CLEVELAND -- Trevor Bauer made Aaron Judge look silly, and made his manager look like a genius.

One year after nearly costing the Indians a trip to the World Series, Bauer helped them take the first step back.

Named a surprise starter for Game 1, Bauer chopped Judge and New York's other big bats down to size, and Jay Bruce drove in three runs as Cleveland began chasing its first World Series title in 69 years with a 4-0 win over the Yankees on the Thursday night in the opener of the AL Division Series.

Bauer struck out Judge three times , twice getting the MVP candidate looking. He allowed just two hits in 6 2-3 innings before manager Terry Francona, who chose to start the right-hander over ace Corey Kluber, turned to baseball's best bullpen, using Andrew Miller and closer Cody Allen to finish the three-hitter.

Allen came in with two on and two outs in the eighth to face Judge, who struck out for the fourth time and the rookie angrily snatched at his bat frustration. Allen then worked the ninth for a save.

Judge's verdict on Bauer was unanimous in New York's clubhouse.

"He was mixing his pitches well, he was using the corners extremely well," he said. "You've got to tip your cap sometimes. We've just got to pick ourselves up and get ready for tomorrow."

New York's now got to face Kluber, an 18-game winner during the regular season. He'll start Game 2 on Friday against CC Sabathia.

Bruce connected for a two-run homer in the fourth off Sonny Gray and added a sacrifice fly in the fifth as the Indians began a journey to try and end the majors' longest Series title drought.

Eyebrows were raised when Francona picked Bauer instead of Kluber, and the eccentric right-hander, perhaps best known for slicing a pinkie open while repairing a drone during last year's postseason and bleeding all over the mound in Toronto, delivered a performance that started October just right for the Indians.

"The mindset was to go out there like a closer in the first inning and put up a scoreless inning at all costs," Bauer said. "And then if I was still in the game, do it again in the second inning and the third and on until I was taken out of the game. So no-hitter, 10-hitter, or whatever, that was the mindset. I never really strayed from that."

Coming off their win over Minnesota in the wild-card game Tuesday, when Judge homered in his playoff debut, the Yankees came in with momentum.

Bauer stopped the Bronx Bombers cold.

He struck out eight and took a no-hitter into the sixth before Aaron Hicks doubled with one out.
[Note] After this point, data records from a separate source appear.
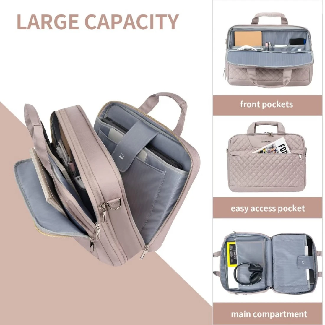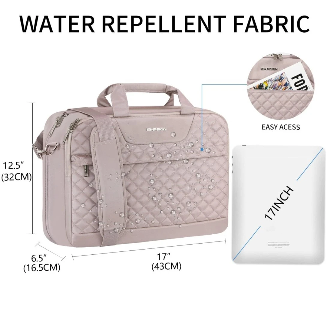 EMPSIGN 173 Inch Laptop Bag Large Capacity Expandable Briefcase for Women Men Business Office WaterRepellent Laptop Case Travel Computer Bag with RFID Pockets Dusty Pink
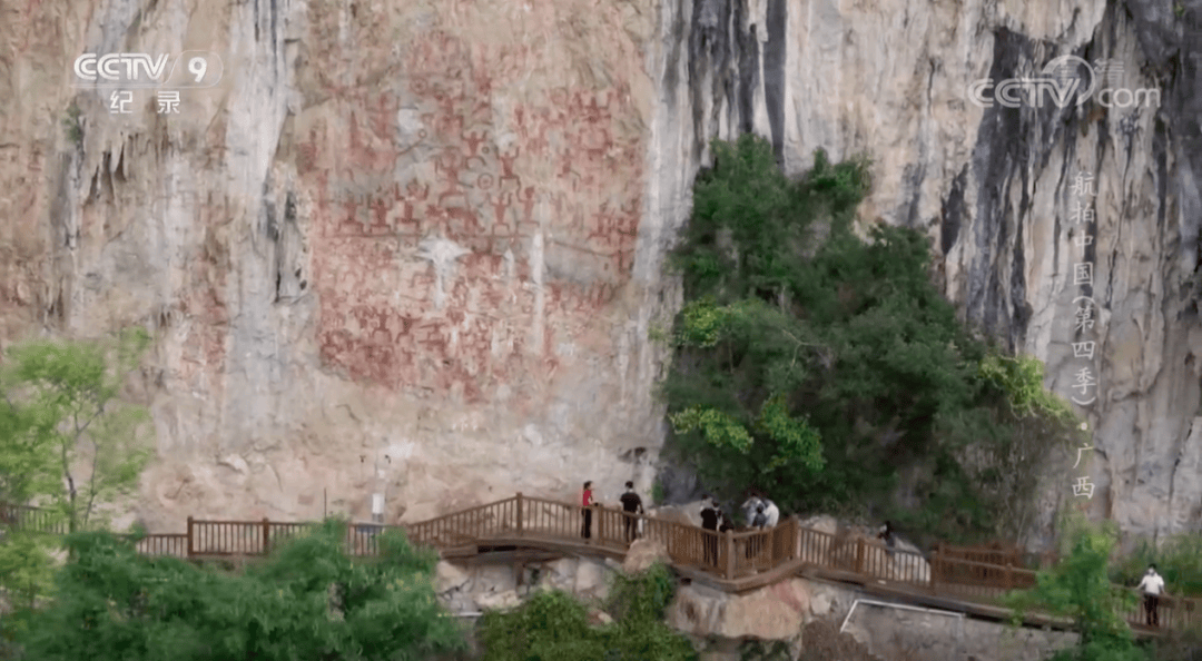 花山岩画:乘船观赏左江两岸峭壁上神秘的 世界文化遗产——骆越先民红色岩画。
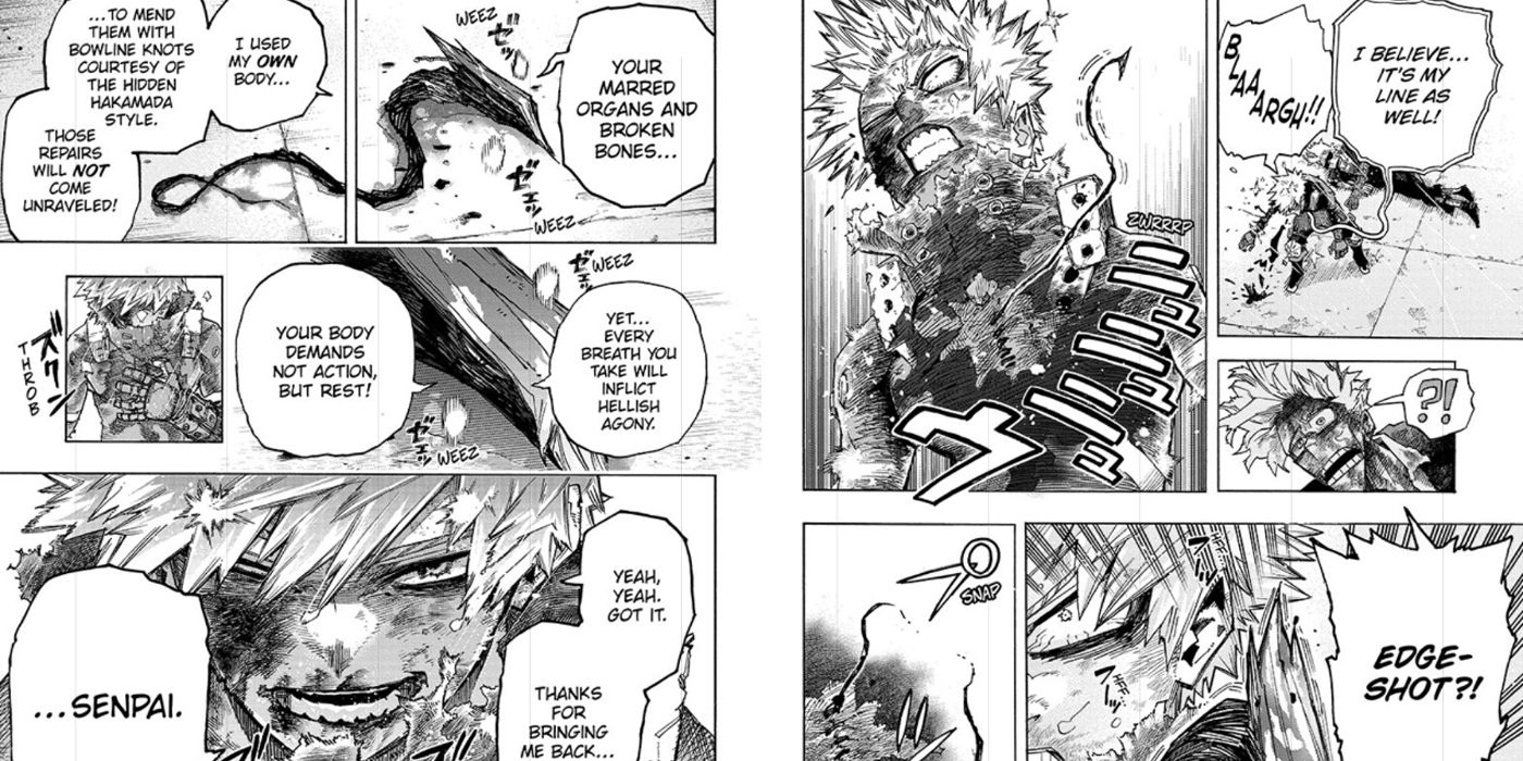 El capítulo 405 revela sorprendentemente que Edgeshot, un héroe que decidió arriesgar su propia vida para salvar la de Bakugo, de hecho todavía estaba vivo, habiendo usado gran parte de la masa de su cuerpo para coser las heridas de Bakugo, tanto internas como externas. Lo pequeño de Edgeshot que queda explica que si bien pudo coser e incluso reiniciar el corazón y los pulmones de Bakugo, todavía faltaba algo y el joven héroe no se levantaba como debería.
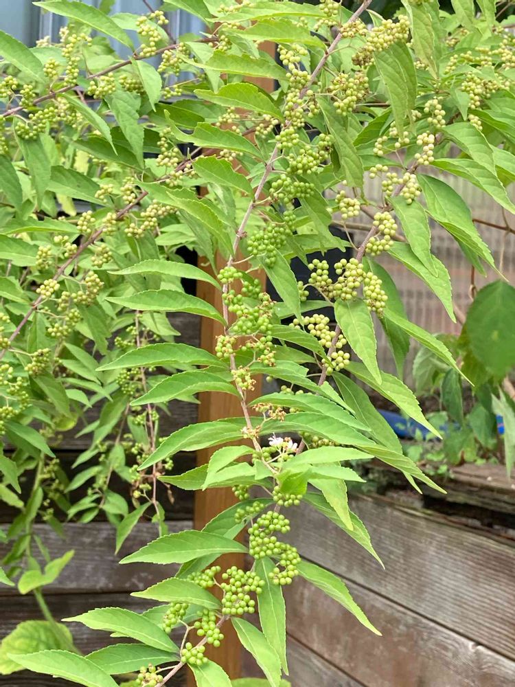 まだ緑の未熟実ですが これから紫色に色づいてきます。待つのが楽しみな花です。

It was the longest no-hit bid by a Cleveland pitcher in the postseason, bettering Hall of Famers Bob Feller (1948) and Early Wynn (1954), who both went four innings.

Bauer improved to 3-0 this season against the Yankees.

"His curveball was really good," Yankees manager Joe Girardi said. "It's as good as we've seen it, and he's been pitching better. You look at his second half, and he had better command. We didn't get many free base runners, which we have in the past off of him, and he was really good."

Taking the mound to his usual thundering warm-up music, "The Pursuit of Vikings," an intimidating song by Swedish metal band Amon Amarth, Bauer didn't mess around.

He struck out Judge in the first watching a curveball. Bauer, who is 11-1 in his last 14 starts, struck out Judge again in the fourth, but the All-Star reached on a wild pitch. Bauer, though, regrouped by getting Gary Sanchez to bounce into a double play before he freezing Didi Gregorius for his sixth strikeout.

Bauer got help from All-Star-second baseman-turned-center fielder Jason Kipnis, who made a diving catch to rob Chase Headley in the third. As Kipnis slowly got to his feet, Bauer raised both arms above his head, pumped his fist and screamed to salute his teammate.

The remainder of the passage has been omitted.